Does anybody know if the uses of the compilation database cares about the
first parameter in the command? What I’m asking is, if I interpose my command,
say mk_compile_db, for a call to g++, and then do gmake --makeall
CC=mk_compile_db…
the compilation command will say that mk_compile_db is the command, not g++.
It turns out that the path to g++ is explicit in our build system, so
I can’t just change
the first word to “g++” and give an accurate answer. On the other
hand, maybe it
doesn’t matter what the command is.

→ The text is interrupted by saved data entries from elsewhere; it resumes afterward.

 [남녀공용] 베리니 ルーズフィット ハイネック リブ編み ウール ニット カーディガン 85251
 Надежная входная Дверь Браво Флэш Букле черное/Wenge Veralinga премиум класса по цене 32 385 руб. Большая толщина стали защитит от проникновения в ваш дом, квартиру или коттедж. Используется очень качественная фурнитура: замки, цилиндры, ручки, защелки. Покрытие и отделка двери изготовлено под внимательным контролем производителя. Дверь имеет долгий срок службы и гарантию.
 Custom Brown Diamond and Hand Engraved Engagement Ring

Maybe the libtooling facilities ignore the
first word, or maybe they expect the first word to be elided altogether.

Yes, they ignore argv[0].

Cheers,
/Manuel

I would personally favor the use of the Clang flag or an interposition script to write into the compilation database.

I don’t buy the “building with another compiler” issue as even for such codebases, one can easily run clang with -fsyntax-only and discard the output or a specific -fdo-nothing could be added and ignored by the tool.

I see only two issues:

  • locking, which would reduce performance
  • distributed builds: when the compiler is invoked on various machines, how do you centralize the generated information ?

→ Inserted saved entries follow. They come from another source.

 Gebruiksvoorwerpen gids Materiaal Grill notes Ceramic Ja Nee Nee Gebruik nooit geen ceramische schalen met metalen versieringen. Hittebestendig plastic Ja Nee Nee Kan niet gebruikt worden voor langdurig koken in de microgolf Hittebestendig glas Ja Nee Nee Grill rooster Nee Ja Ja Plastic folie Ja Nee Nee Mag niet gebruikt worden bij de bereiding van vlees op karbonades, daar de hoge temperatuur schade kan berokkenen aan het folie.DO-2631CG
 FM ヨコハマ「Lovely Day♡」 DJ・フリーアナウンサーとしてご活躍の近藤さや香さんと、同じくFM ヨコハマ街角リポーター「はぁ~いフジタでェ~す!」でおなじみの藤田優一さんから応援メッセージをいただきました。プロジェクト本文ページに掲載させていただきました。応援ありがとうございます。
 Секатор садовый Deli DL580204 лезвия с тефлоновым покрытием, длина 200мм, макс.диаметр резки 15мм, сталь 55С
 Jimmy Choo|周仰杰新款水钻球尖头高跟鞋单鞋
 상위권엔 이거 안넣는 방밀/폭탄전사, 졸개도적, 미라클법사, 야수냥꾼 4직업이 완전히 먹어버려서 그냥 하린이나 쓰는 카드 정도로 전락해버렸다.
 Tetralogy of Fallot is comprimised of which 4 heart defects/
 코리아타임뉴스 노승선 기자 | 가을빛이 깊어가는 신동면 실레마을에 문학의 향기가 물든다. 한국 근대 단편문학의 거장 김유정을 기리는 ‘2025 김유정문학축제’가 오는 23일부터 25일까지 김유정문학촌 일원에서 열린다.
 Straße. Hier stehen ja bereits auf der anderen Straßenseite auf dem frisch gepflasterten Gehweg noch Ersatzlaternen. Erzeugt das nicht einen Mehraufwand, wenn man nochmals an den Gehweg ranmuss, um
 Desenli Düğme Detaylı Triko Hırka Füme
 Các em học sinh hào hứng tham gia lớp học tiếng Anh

And I don’t think that it is worth worrying too much about them. The creation of the compilation database is a one-off operation so performance is not too much of an issue, and people having the resources to set up such distributed builds should have the resources to configure their build to run on a single machine and/or write scripts to create the database by themselves.

– Matthieu

As time goes on, I find myself caring less and less about code that isn't compiling with Clang. Abstractly, I care about people being able to use Clang-based tools even if they don't compile with Clang. However, I would much prefer us to spend our time making the Clang ecosystem *awesome*, so that once your code parses/builds with Clang, you get access to a variety of useful tools. The compilation-flag approach to building a compilation database is by far the easiest solution for people to use if they're already building with Clang, and therefore that's the one I'm most interested in.

  - Doug

3. In an order determined by the dependency graph. :slight_smile:

Thank you for the explanation. At least now I partly understand what
you're talking about.

But I'm still puzzled. Why would one need to recompile all files that
use a specific symbol? Changes to a symbol normally occur in a header
file, affecting the dependency graph in just the way that makes make
useful. To solve the problem you describe -- to have Clang recompile
"all files that use a specific symbol" -- one could touch(1) all such
files and then run make.

The "figure out the command line" part is also intrinsic to make, as
you know, based on the filename suffix. That's 30 years of prior art
that the compilation database seems to be reinventing.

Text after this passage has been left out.